OpeOluwani Akintayo 20 July 2017, Sweetcrude, Lagos – The Minister of Power, Works and Housing, Babatunde Fashola, says the government cannot reverse the power sector privatisation it conducted about four years ago which saw it selling assets of the defunct Power Holding Company of Nigeria, PHCN, to private entities.
Because of the current transition challenges, some Nigerians have continuously called for the cancellation of the exercise.
But, Fashola said at a recent lecture that he does not “favour such course of action because it has consequences”.
According to him, cancelation of privatisation means the government will be breaching its own contract in the same way privatisation of refineries was cancelled in 2007.
This, he said, will send a negative investment signal.
He also said cancellation of the privatisation exercise will mean that the government woud have to refund in dollars, all the monies paid by the Discos and Gencos, which bought over the PHCN assets.

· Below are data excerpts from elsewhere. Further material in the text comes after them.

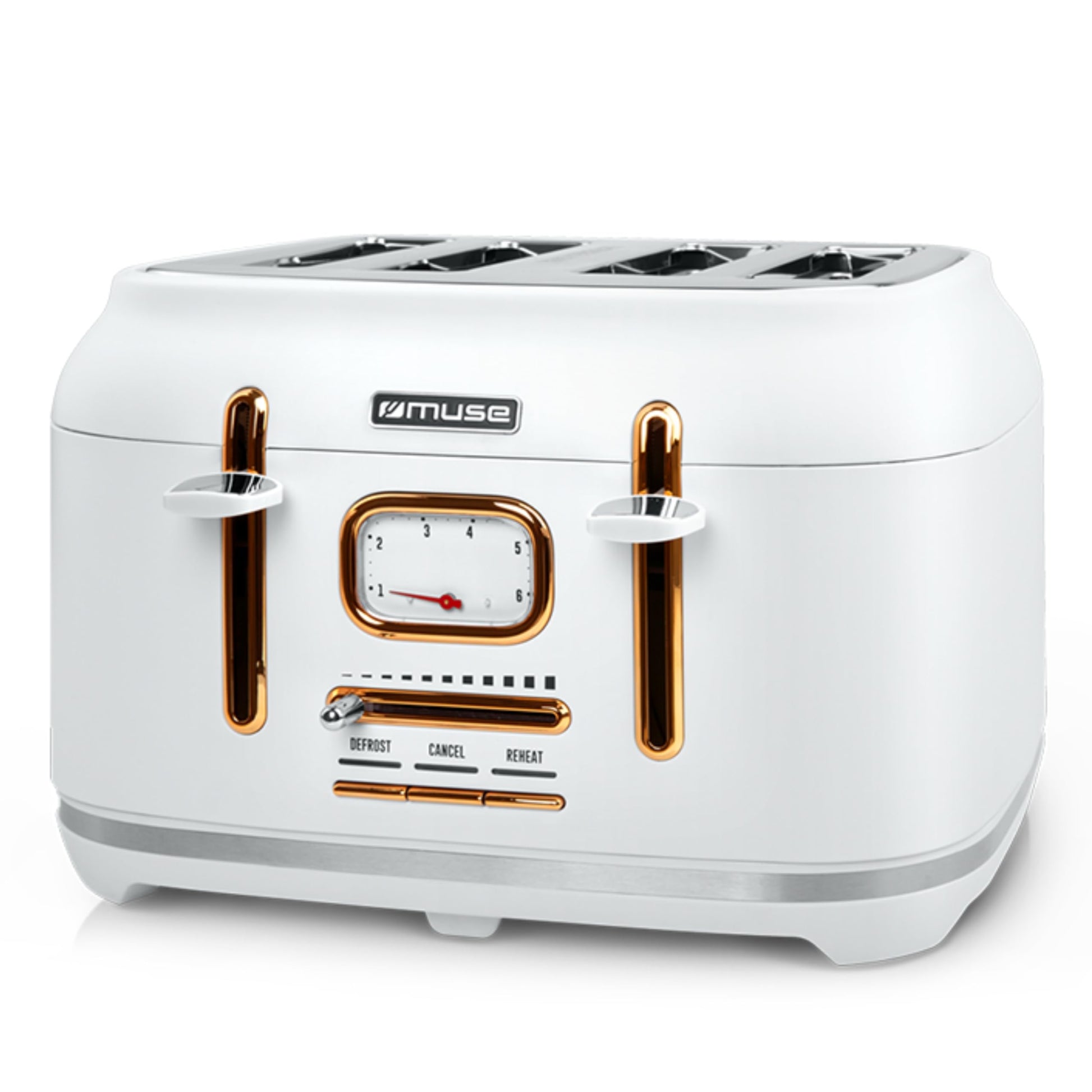 Muse nerūsējošā tērauda tosteris baltā retro dizainā, analoga displeja, apgaismotās pogas, 6 brūnināšanas pakāpes, 4 šķēles, MS-131 W, vintage izskats, ar drupatu atvilktni
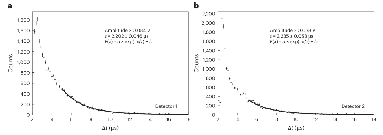 图2 两组探测器的缪子寿命谱测量结果
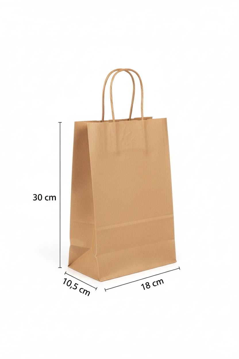 sacola com 100 de papel Kraft, no Tamanho P. Possui as dimensões 18x30x10,5 alça 9 cm
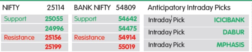 આઠ દિવસની જીતનો સિલસિલો અને તેજીવાળા ટેકનિકલ અને મોમેન્ટમ ઇન્ડિકેટર્સ સાથે, NIFTY આગામી સત્રોમાં 25,250ના રેઝિસ્ટન્સ તરફ આગળ વધવાની અપેક્ષા રાખે છે, ત્યારબાદ 25,૩50 ઝોનમાં આવે છે, જોકે, વચ્ચે-વચ્ચે કોન્સોલિડેશન થવા છતાં. બીજી બાજુ, સપોર્ટ 25,000 પર રાખવામાં આવ્યો છે, ત્યારબાદ 24,800 પર. દરમિયાન, બેંક NIFTYને 55,150–55,૩00 તરફ આગળ વધવા માટે 54,840 (100-દિવસના EMA) ઉપર પાછા ફરવાની અને ટકાવી રાખવાની જરૂર છે. જોકે, નિષ્ણાતોના મતે, 54,650 ને તાત્કાલિક સપોર્ટ ગણી શકાય, ત્યારબાદ 54,450 આવે છે.
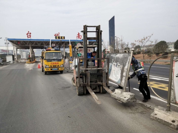 零費用清除沉重的廣告式隔離帶 “副站匝道外的廣告式隔離帶能不能幫忙清除下?” 在接到臺州南收費所的“求助”電話后,施救中心負責人馬上發(fā)動人員,迅速聯(lián)系了外協(xié)單位-----臺州市路橋通遠車輛施救有限公司,開動鏟車奔赴現場。 據悉,臺州南副站匝道廣告式隔離帶比較長,而且有損壞,不美觀而影響站所形象,需要全部更換成水馬。但是其底部的水泥墩非常沉重,人力不能搬動,所以該所希望施救中心幫忙清除這些廢舊物。
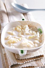 作法:銀耳和百合洗淨備用。將700c.c.水煮滾後加銀耳、百合,煮滾後轉小火煮約30分鐘,加入杏仁粉攪勻後即可關火。
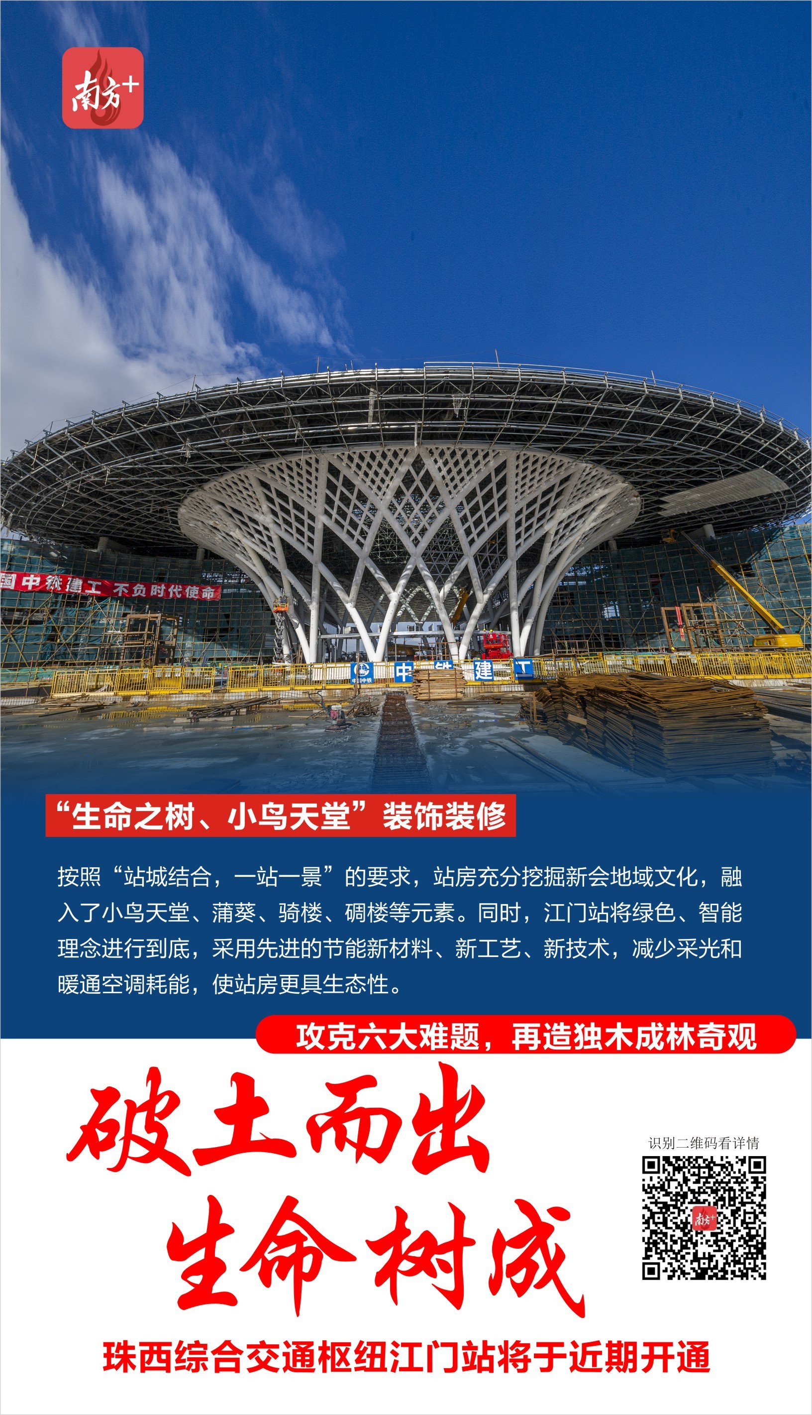 回顾两年多的建设历程,江门站攻克了六大难题,成功在五邑大地再造了一个独木成林的奇观。

Fashola stated that most of funds realised by government from the sale have been spent on the 50,000 workers of PHCN who had to be paid off.
He said government would also have to re-employ these or other workers to operate the assets and also increase salary and pension costs, “when our recurrent cost is above 70% of budget today”.

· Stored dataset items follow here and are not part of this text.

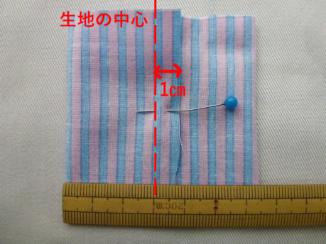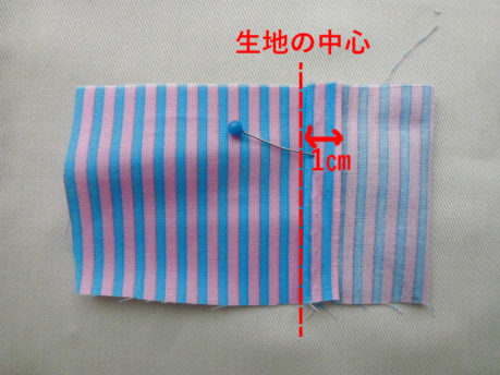 反対側は生地の中心より1㎝重なるように折ります(約6.5㎝になります)。
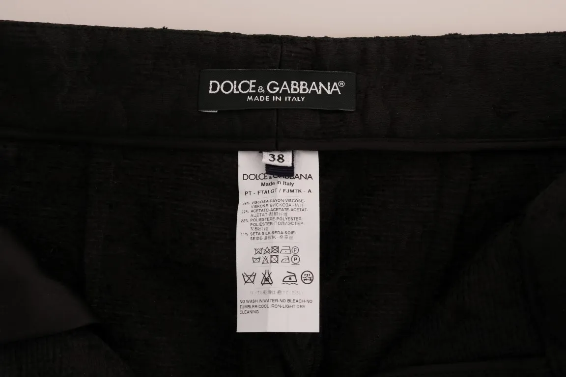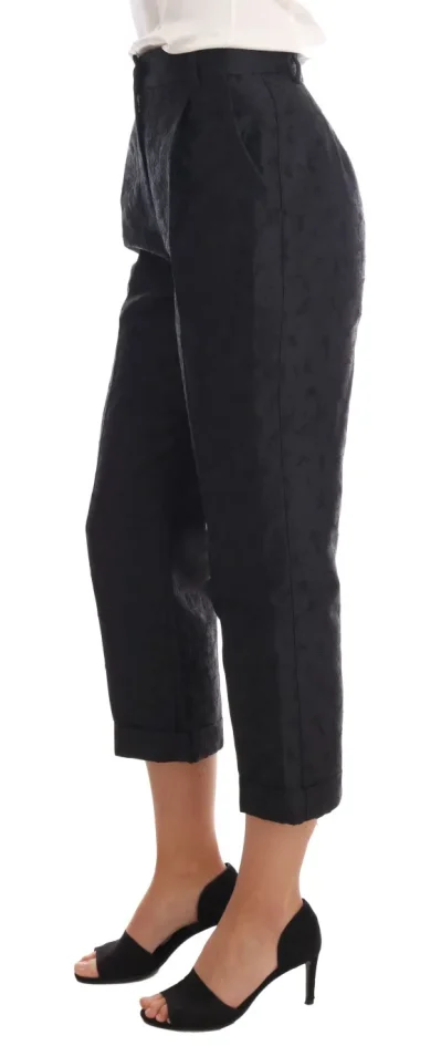 Black Floral Brocade Capri Pants
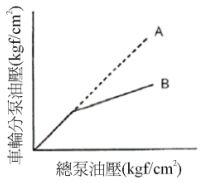 155. 如下圖所示 A、B 線為煞車總泵送至前後輪煞車分泵之油壓特性,下列敘述何者正確?

Instead of doing these, he said government believes that the lapses in the privatisation could be “re-engineered, retrofitted or reformed to deliver, hence the introduction of PSRP by the ministry.
He said PSRP is geared towards making privatisation of power work better than it had.

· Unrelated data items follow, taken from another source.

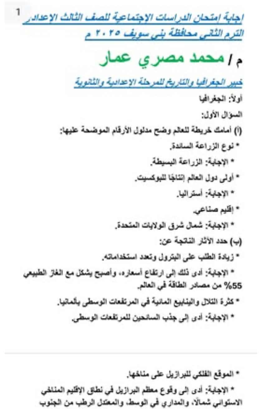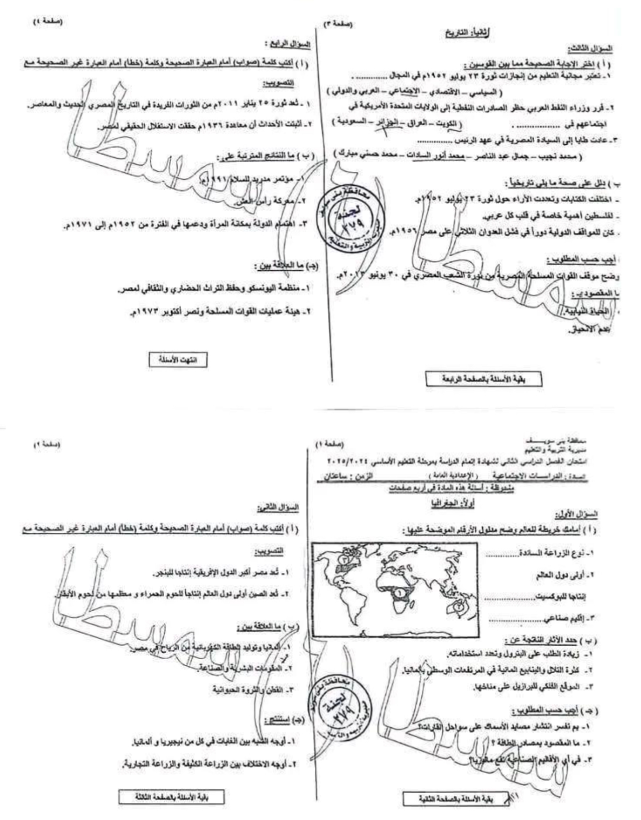 وتم نشر نموذج حل امتحان الدراسات الصف الثالث الإعدادي بمحافظة بني سويف عبر صفحات معلمي المادة على وسائل التواصل الاجتماعي، حيث تم إرفاق صور توضح الإجابات التفصيلية المعتمدة.
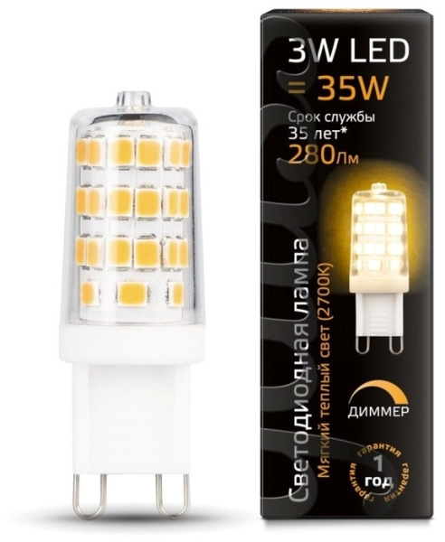 Gauss G9 AC150-265V 3W 230lm 2700K LED 1/20/200 107709103 лампа
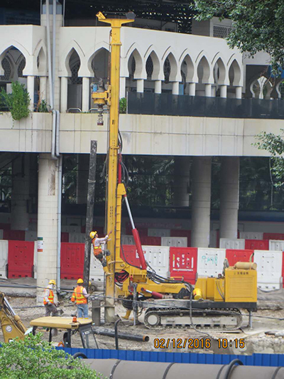 马来西亚亿励岩土公司使用无锡金帆股份YGL-200GM型钻机,在首都吉隆坡捷运(轨道交通)工地承接钻孔桩施工工程。
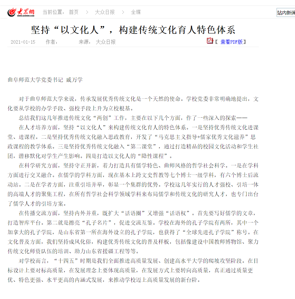 《大众日报》戚万学:坚持“以文化人”,构建传统文化育人特色体系
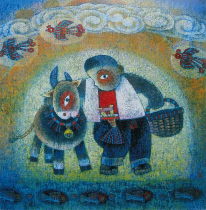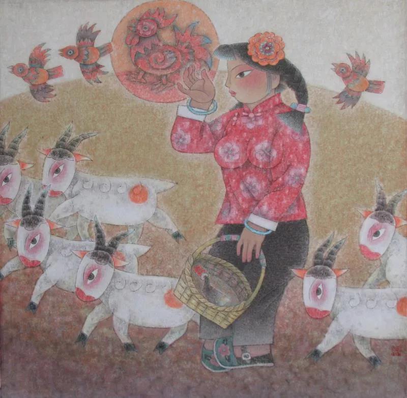 1973年開(kāi)始自學(xué)美術(shù)并業(yè)余創(chuàng)作,專國(guó)畫(huà)兼及水粉、漫畫(huà)、剪紙。數(shù)十年來(lái)廣采博收,上溯遠(yuǎn)古巖畫(huà)、畫(huà)像磚、石、帛畫(huà)、洞窟壁畫(huà)、院體工筆以及民間剪紙、泥塑,面塑、年畫(huà);橫向上油畫(huà)、版畫(huà)、裝飾、現(xiàn)代設(shè)計(jì)乃至西方藝術(shù)皆有涉獵吸收,融匯貫通,形成了一種既富傳統(tǒng)民族特色、鄉(xiāng)土味濃郁,又極具現(xiàn)代感的、自成一格的個(gè)人風(fēng)格。
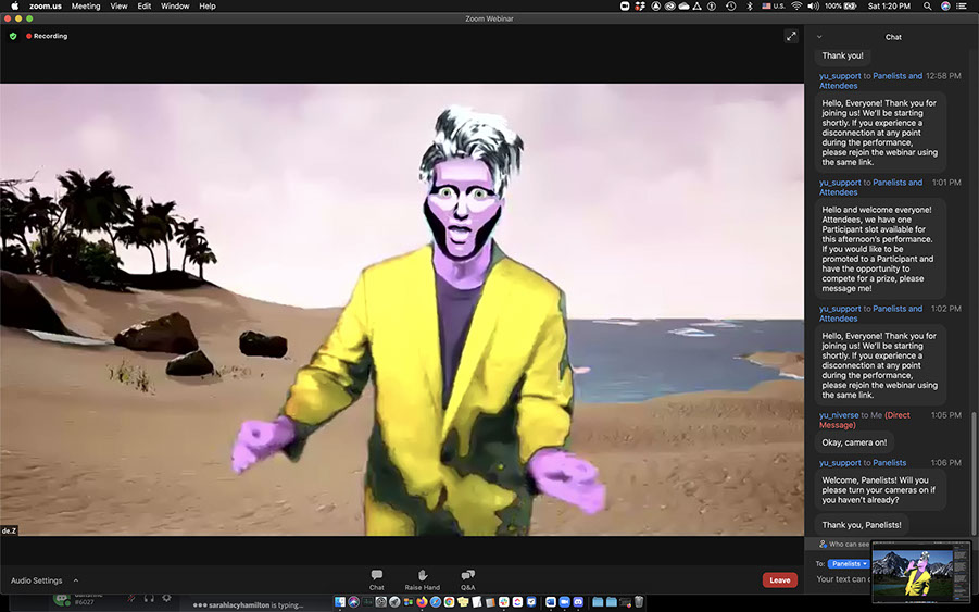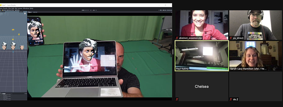 Close-up of de.Z with AR filter. June 2021 online/virtual workshop performance,
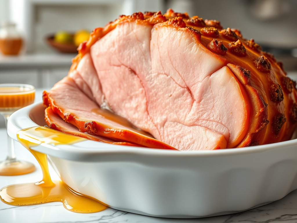 A showstopper dish featuring a perfectly seasoned prime rib roast. The result? A juicy, melt-in-your-mouth roast, ideal for special holiday occasions. - Honey Glazed Ham
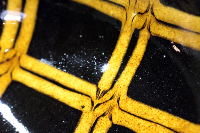 黒をベースに飴色スリップの、重厚感漂うウツワ。

“Admittedly, privatisation has not yet delivered the kind of results we were all made to expect, for some of the reasons I have stated – political interference, liquidity, metering, debts, governance, technical capacity of operators and the political dishonesty with which Nigerians expectation were raised to the sky”, he stated.
However, the minister stated that after studying the privatisation in Brazil, Mexico, India, South-Africa and China, which went through the current challenges in the Nigerian power sector, he is of the view that reliable electricity will happen in Nigeria.
“It is not an event, it is a journey marked by positive trends that have occurred and will occur as the right solutions are deployed to challenges”, Fashola added.